Exercise: Only the lines below from the one that contains "Blick vom Hainberg" through the one that contains "The catch pin" should appear in your answer, exact and without pictures.

Dataset entries:

:::

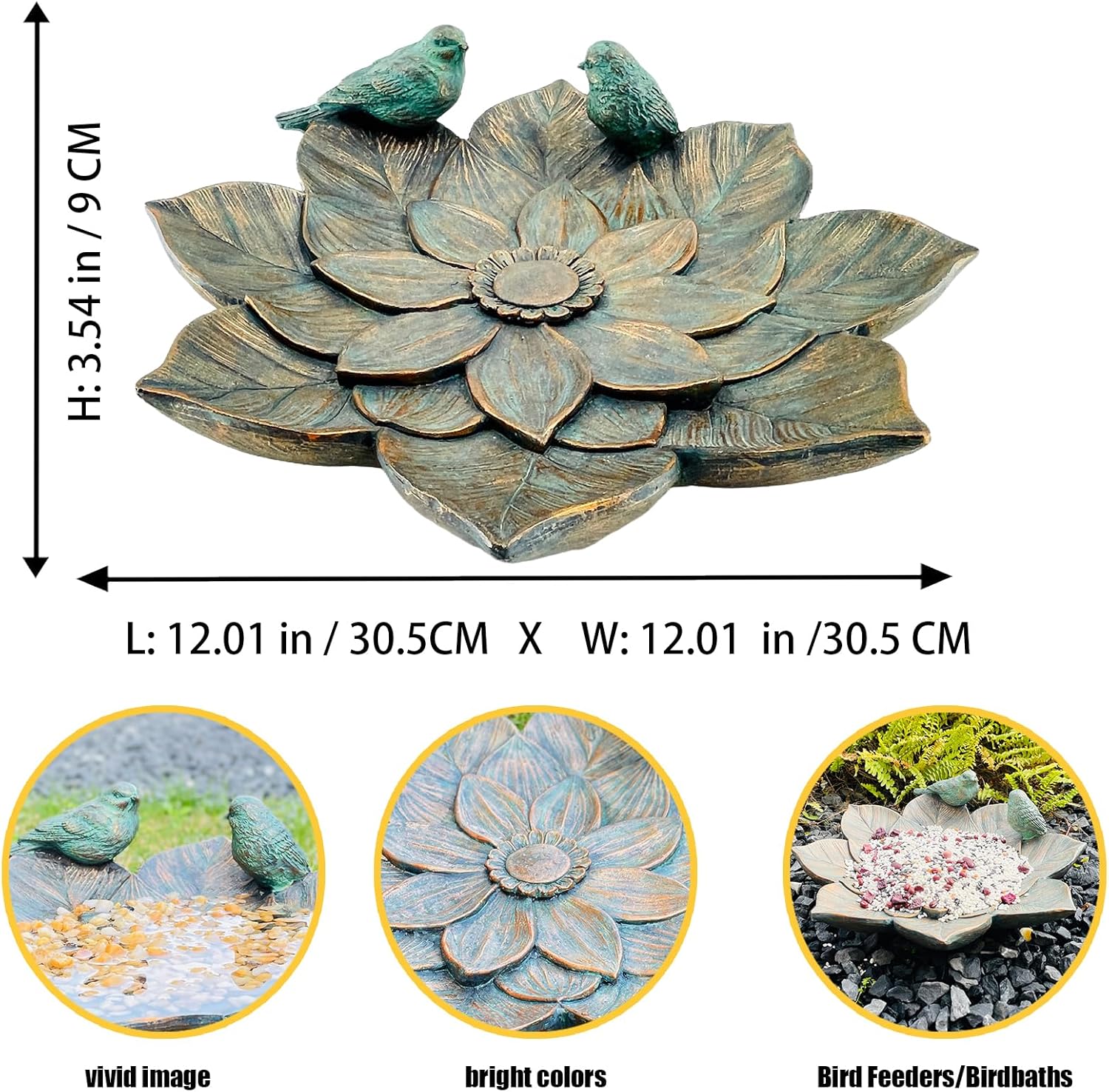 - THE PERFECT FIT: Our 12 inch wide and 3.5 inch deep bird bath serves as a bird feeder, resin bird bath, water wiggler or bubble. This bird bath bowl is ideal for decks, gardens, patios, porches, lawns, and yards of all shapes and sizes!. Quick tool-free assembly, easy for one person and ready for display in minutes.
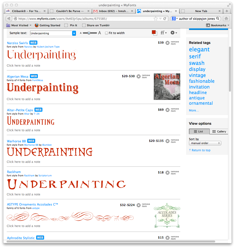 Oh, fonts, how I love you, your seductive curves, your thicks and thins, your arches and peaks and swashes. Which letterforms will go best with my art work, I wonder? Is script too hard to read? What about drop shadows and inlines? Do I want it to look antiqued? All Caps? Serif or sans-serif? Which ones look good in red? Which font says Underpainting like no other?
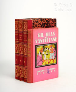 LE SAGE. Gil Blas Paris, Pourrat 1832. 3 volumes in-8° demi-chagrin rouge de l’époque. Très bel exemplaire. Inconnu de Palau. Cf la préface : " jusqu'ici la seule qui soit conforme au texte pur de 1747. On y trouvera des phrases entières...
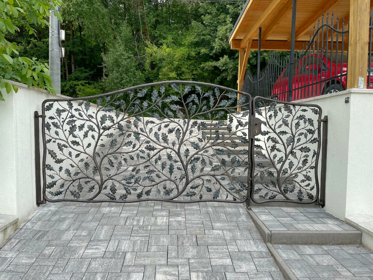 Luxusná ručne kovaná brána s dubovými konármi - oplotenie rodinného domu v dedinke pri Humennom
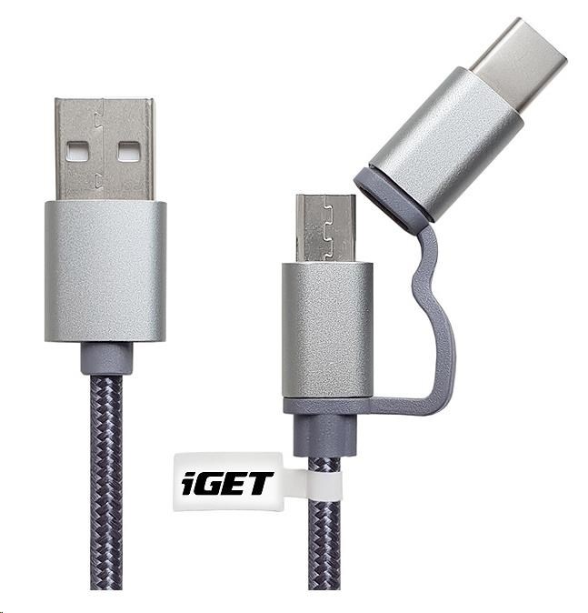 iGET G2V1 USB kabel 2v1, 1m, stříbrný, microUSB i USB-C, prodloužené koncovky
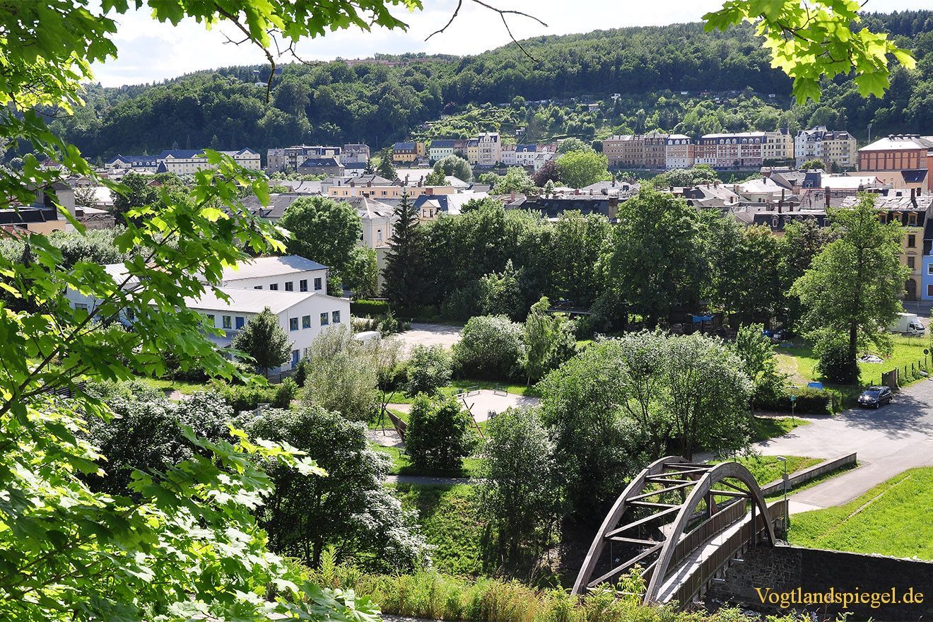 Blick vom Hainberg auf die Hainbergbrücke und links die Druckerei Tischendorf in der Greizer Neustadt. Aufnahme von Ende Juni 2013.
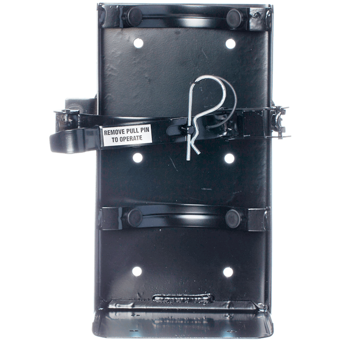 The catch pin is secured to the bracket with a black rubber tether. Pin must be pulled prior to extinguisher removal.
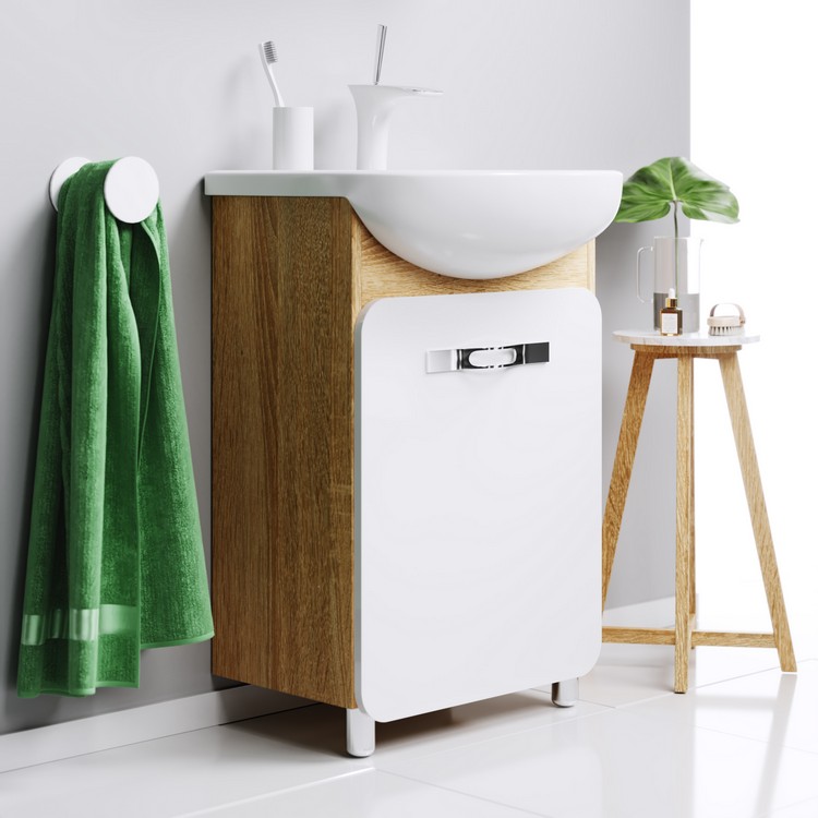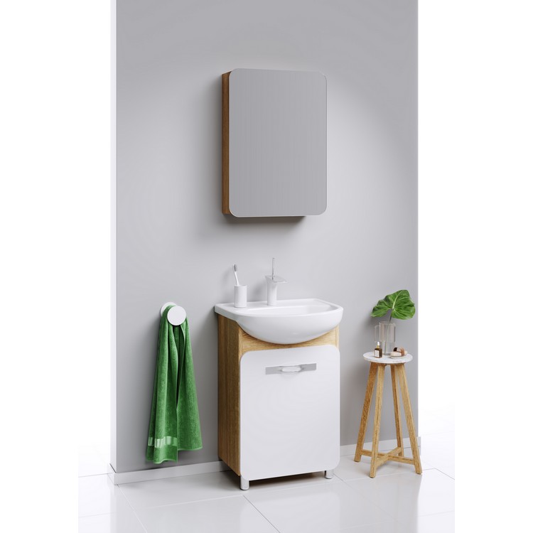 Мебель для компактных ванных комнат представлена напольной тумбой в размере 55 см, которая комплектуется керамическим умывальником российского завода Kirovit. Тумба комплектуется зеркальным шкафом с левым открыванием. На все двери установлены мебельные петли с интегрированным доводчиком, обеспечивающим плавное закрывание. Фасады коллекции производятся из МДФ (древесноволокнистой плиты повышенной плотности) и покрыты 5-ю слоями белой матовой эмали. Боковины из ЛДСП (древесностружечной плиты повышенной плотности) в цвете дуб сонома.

:::

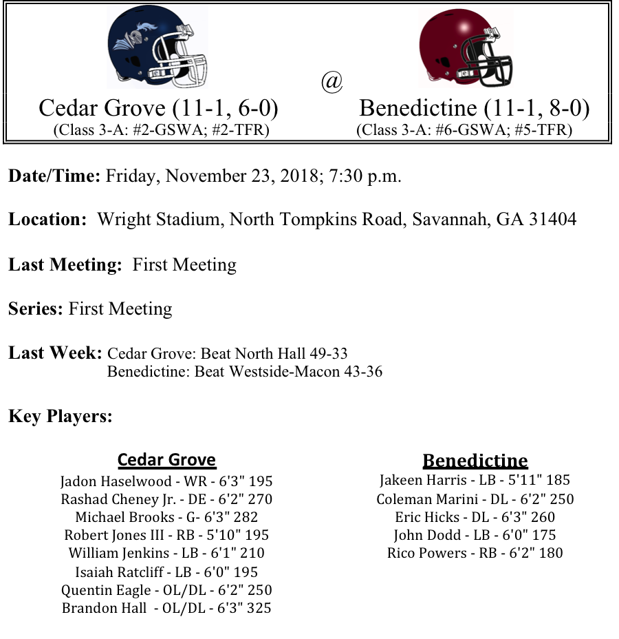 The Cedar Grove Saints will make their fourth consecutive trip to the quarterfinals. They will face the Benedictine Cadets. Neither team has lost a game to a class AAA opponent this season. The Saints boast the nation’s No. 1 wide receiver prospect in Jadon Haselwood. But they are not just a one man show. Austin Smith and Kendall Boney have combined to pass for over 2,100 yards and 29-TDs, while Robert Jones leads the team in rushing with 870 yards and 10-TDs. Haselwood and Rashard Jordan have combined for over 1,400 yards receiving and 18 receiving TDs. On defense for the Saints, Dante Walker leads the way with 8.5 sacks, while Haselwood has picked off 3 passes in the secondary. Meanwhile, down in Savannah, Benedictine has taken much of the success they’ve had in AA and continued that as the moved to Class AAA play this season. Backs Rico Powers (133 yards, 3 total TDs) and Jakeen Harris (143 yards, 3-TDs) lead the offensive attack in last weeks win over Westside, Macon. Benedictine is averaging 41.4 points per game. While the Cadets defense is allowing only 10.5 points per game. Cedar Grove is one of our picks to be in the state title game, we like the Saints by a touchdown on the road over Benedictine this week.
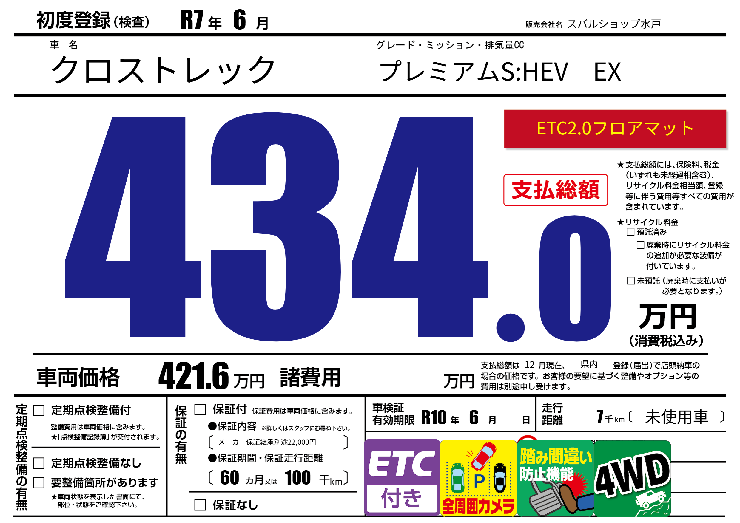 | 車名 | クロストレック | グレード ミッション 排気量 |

:::

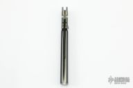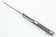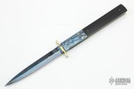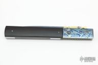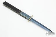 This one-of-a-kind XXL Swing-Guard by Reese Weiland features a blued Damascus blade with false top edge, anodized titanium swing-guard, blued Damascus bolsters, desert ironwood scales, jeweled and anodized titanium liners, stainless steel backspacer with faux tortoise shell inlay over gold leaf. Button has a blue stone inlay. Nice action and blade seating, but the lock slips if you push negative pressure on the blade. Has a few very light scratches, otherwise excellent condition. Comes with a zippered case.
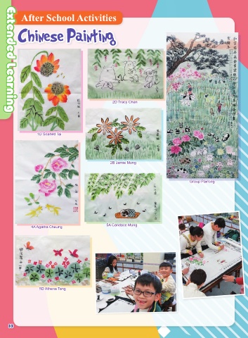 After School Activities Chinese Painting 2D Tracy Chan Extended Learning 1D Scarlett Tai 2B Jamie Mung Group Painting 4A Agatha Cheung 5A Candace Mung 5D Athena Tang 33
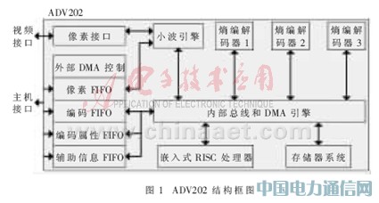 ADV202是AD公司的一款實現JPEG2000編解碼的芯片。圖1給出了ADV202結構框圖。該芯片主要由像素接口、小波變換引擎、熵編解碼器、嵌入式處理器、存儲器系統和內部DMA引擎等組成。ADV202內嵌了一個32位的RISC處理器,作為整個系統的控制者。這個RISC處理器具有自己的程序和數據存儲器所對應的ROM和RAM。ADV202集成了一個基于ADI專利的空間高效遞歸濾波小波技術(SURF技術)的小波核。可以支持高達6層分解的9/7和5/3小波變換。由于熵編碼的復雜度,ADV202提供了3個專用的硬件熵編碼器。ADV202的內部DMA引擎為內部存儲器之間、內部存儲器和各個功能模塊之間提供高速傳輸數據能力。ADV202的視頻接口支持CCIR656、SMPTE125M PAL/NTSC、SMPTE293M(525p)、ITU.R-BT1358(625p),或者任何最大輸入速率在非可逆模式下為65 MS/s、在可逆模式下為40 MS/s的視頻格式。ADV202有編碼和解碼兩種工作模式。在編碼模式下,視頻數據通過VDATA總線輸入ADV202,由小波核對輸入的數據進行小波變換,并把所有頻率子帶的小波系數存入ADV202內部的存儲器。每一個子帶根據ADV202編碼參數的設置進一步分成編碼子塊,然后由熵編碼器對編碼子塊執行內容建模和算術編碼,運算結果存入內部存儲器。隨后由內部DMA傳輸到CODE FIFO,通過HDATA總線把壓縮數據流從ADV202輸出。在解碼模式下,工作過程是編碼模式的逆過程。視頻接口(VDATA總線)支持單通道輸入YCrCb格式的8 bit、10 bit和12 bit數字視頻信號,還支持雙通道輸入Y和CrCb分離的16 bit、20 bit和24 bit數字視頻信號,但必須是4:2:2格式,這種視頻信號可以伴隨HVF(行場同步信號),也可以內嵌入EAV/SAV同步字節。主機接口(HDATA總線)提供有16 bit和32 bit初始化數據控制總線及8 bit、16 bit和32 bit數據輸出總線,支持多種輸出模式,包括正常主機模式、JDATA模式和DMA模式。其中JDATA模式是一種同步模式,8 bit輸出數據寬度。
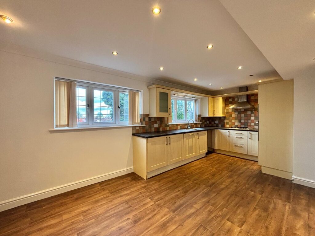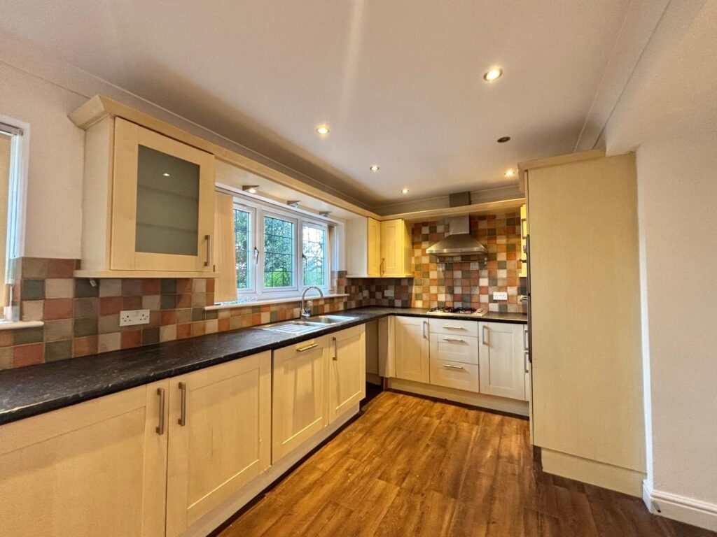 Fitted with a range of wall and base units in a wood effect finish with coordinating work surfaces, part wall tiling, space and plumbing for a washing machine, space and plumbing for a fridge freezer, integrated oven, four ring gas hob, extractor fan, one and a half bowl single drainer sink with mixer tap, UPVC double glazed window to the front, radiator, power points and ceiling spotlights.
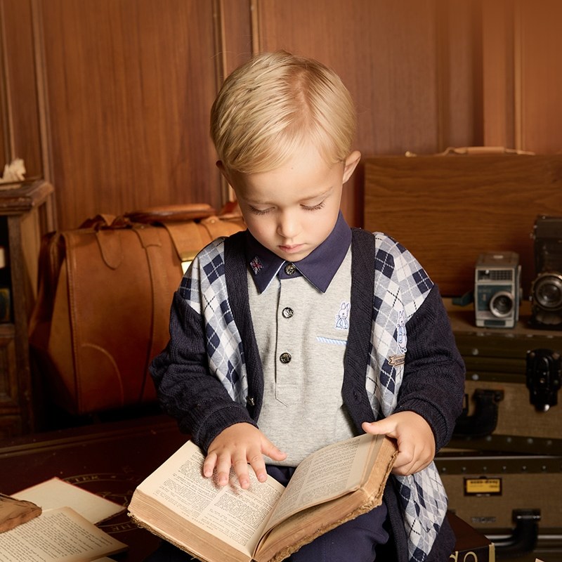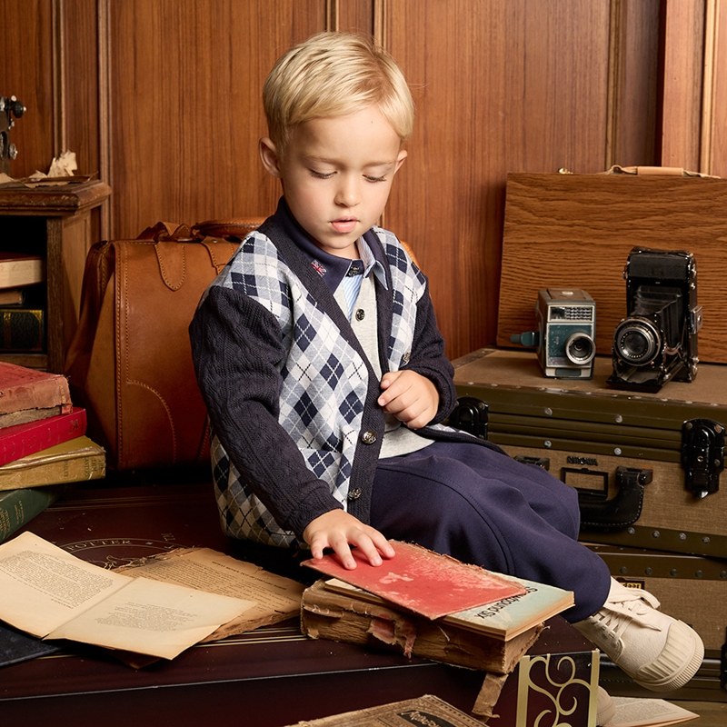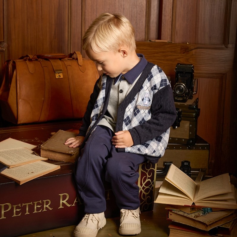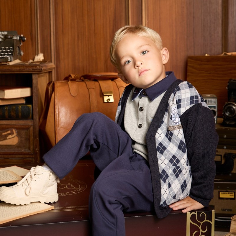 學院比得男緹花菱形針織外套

:::

Response to the task:
 Blick vom Hainberg auf die Hainbergbrücke und links die Druckerei Tischendorf in der Greizer Neustadt. Aufnahme von Ende Juni 2013.
 The catch pin is secured to the bracket with a black rubber tether. Pin must be pulled prior to extinguisher removal.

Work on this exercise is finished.